Author Message
vinothrajendran2
Joined: Nov 12, 2013
Messages: 101
Offline
Hi,

We have OD 7 application deployed in Websphere 8.5

WebSphere server went into hung state on 26/03/2017.

Websphere team analysed the dump and here is their findings.

I have attached the aesconnector logs. Please advise.

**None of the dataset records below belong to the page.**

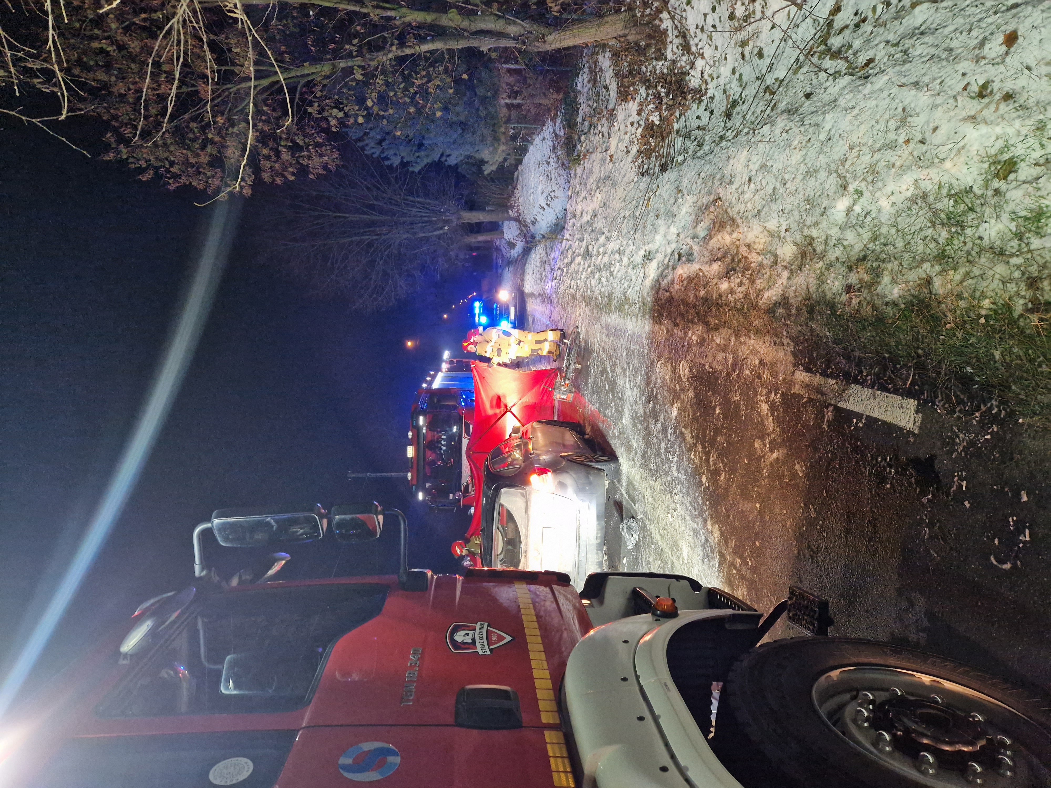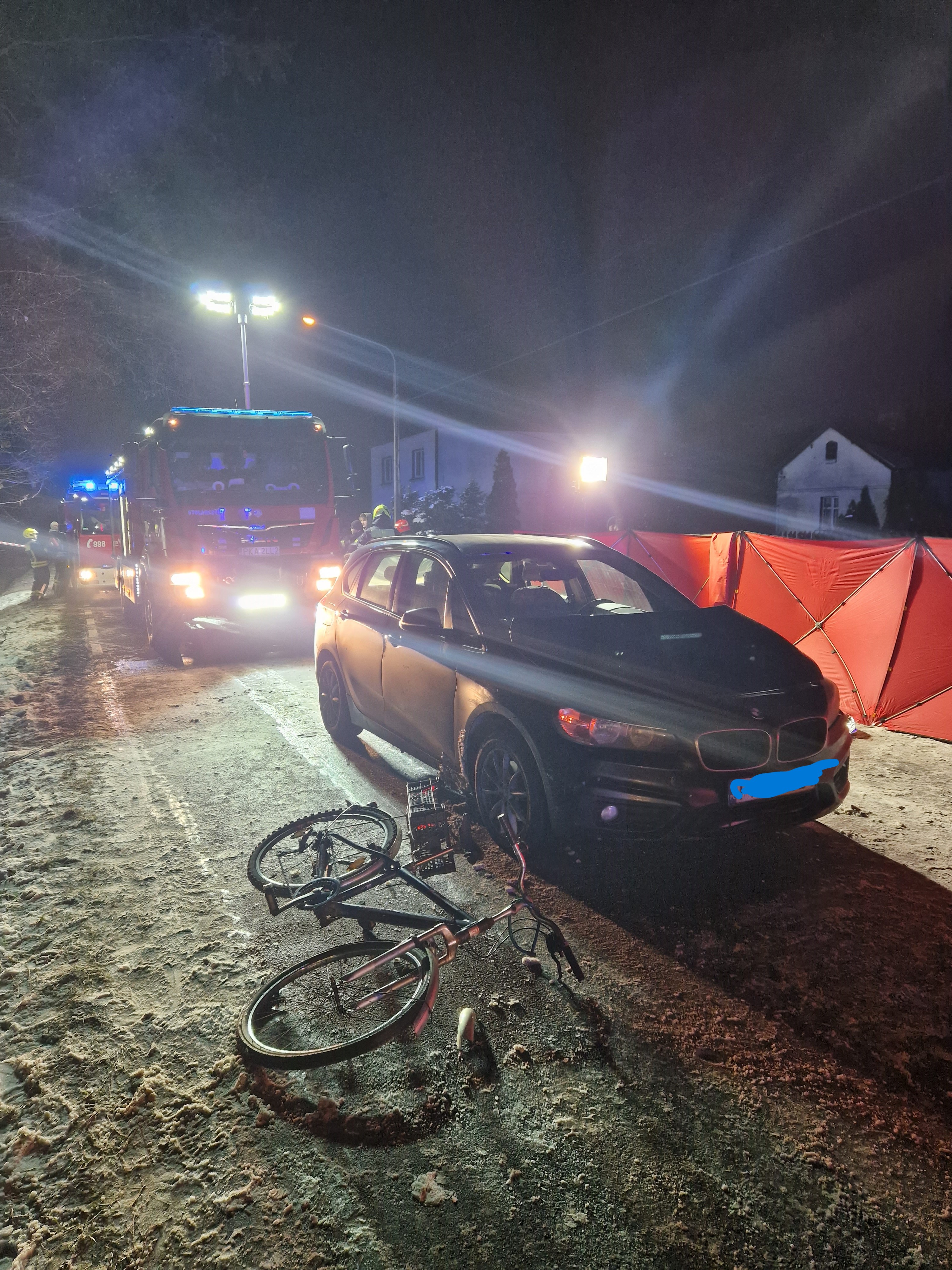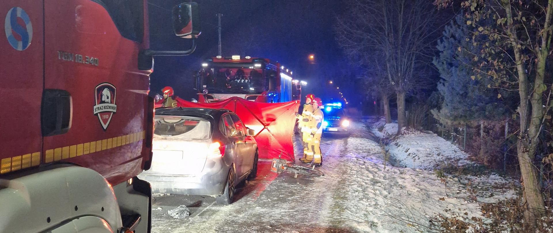 6.12.2023 r. o godz. 18.22 dyżurny SKKM w Kaliszu odebrał zgłoszenie o potrąceniu rowerzysty w miejscowości Stary Nakwasin przy numerze 6 w gm. Koźminek. Na miejsce zdarzenia z wcześniejszego pożaru sadzy w Koźminku zostały przedysponowane zastępy OSP Koźminek oraz zastęp GCBA z JRG 1 w Kaliszu. Dyżurny stanowiska kierowania wysłał również zastęp techniczny z JRG1 oraz Zespół Ratownictwa Medycznego i Policję. Przybyłe zastępy zastały na miejscu potrącenie rowerzysty, który znajdował się nieprzytomny pod pojazdem. Ratownicy podnieśli auto przy użyciu ratowniczego sprzętu pneumatycznego oraz hydraulicznego i wydobyli poszkodowanego spod pojazdu. Następnie podjęli resuscytację nieprzytomnego rowerzysty. Z powodu licznych obrażeń i nie przywrócenia czynności życiowych pomimo interwencji medycznych odstąpiono od dalszej reanimacji. Policja na czas prowadzonych działań i czynności zamknęła ruch na danym odcinku drogi przez ok. 4 godz. W zdarzeniu brało udział 10 strażaków KM PSP JRG 1 Kalisz oraz 12 strażaków z OSP Koźminek.
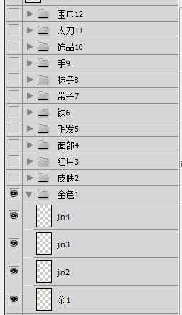 我先从铠甲的黄金部件上起,先用100%透明度和100%硬度的圆头笔刷再新建的图层jin1画上黄色。
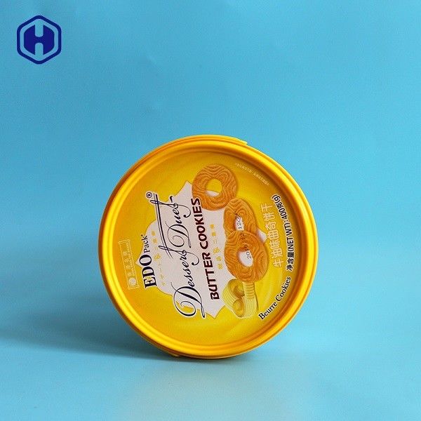 ক্রিম বিস্কুট আইএমএল বালতি কাস্টমাইজ করুন হলুদ প্লাস্টিকের ধারক রাউন্ড খালি প্যাকেজিং
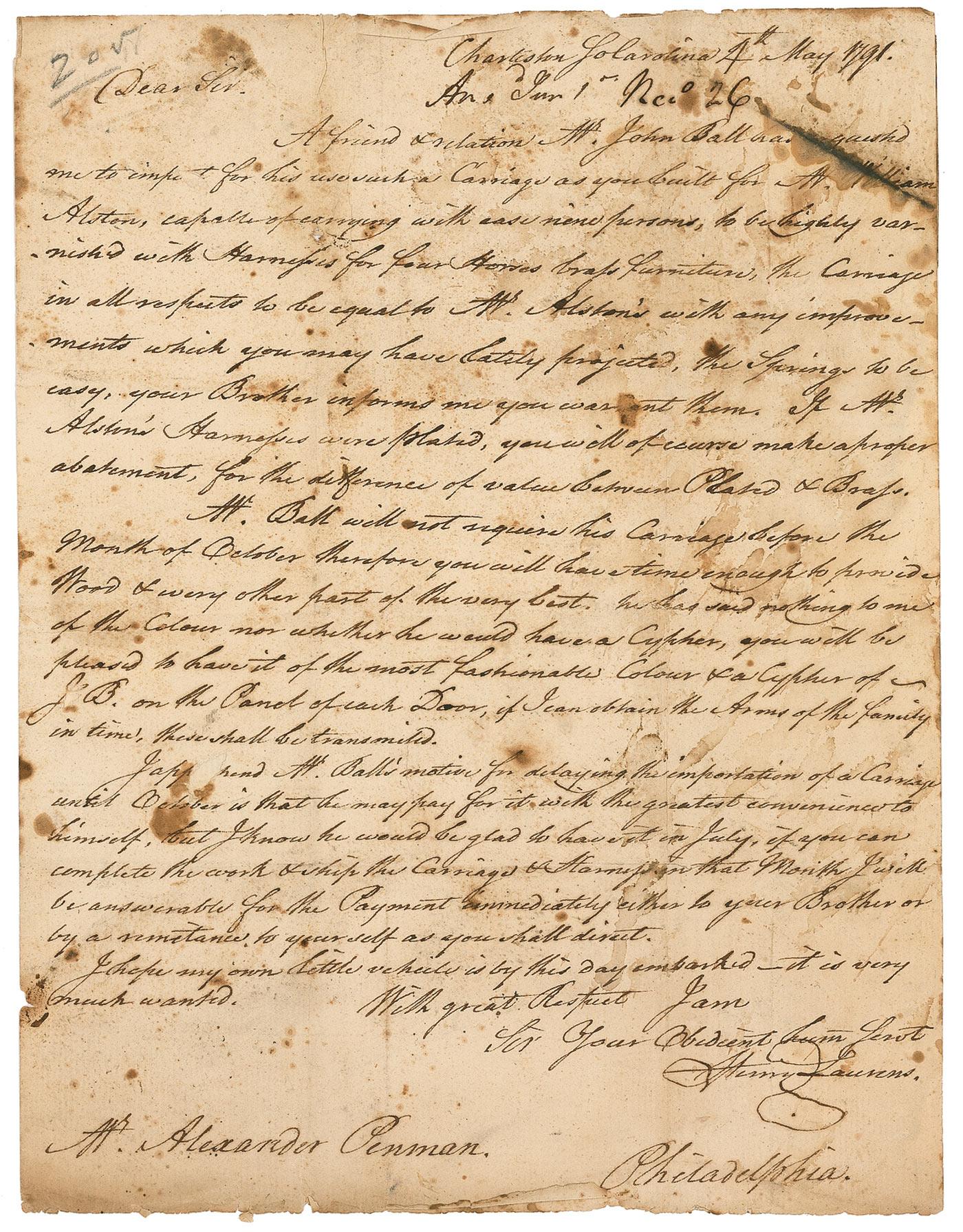 South Carolina statesman (1724–1792) who was a delegate to the Continental Congress, third President of the Second Continental Congress, Vice-President of South Carolina, and Minister to Holland. Captured by the British Navy on a return trip from the Netherlands to the United States during the Revolutionary War, Laurens was imprisoned in the Tower of London until he was released in exchange for General Lord Cornwallis. ALS, one page, 7.75 x 10, May 4, 1791. An interesting letter to coach maker Alexander Penman. In part: “A friend & relation Mr. John Ball has requested me to imply for his use such a Carriage as you built for Mr. William Alston, capable of carrying with ease nine persons, to be highly varnished with harnesses for four horses brass furniture. The Carriage in all respects to be equal to Mr. Alston’s with any improvements which you may have lately projected. The Springs to be easy…If Mr. Alston’s Harnesses were plated, you will of course make a proper abatement for the difference of value between Plated & Brass.

"From Javacore, I see a possible thread leaks in "DistributeCSTAEvent" and "Timer-xxxxxxx" thread pools.
747 threads of "DistributeCSTAEvent" threads were found and these all named same.
758 of threads of type "Timer-xxxxxxx" were found and these mostly blocked on log4j code.
Native memory is associated with each thread and the more the number of the threads the more native memory and if there is a thread pool leak, eventually the available native memory is exhuasted and native OOM is thrown.
Please find complete analysis below.

nvironment:

WebSphere version: BASE 8.5.5.11
Operating system version: Windows Server 2008 R2 6.1 build 7601 Service Pack 1 Java version: JRE 1.7.0 Windows Server 2008 R2 amd64-64 build
(pwa6470sr8fp10-20141219_01(SR8 FP10) )

From Javacore, found a native OOM issue due to large number of application threads and logging code.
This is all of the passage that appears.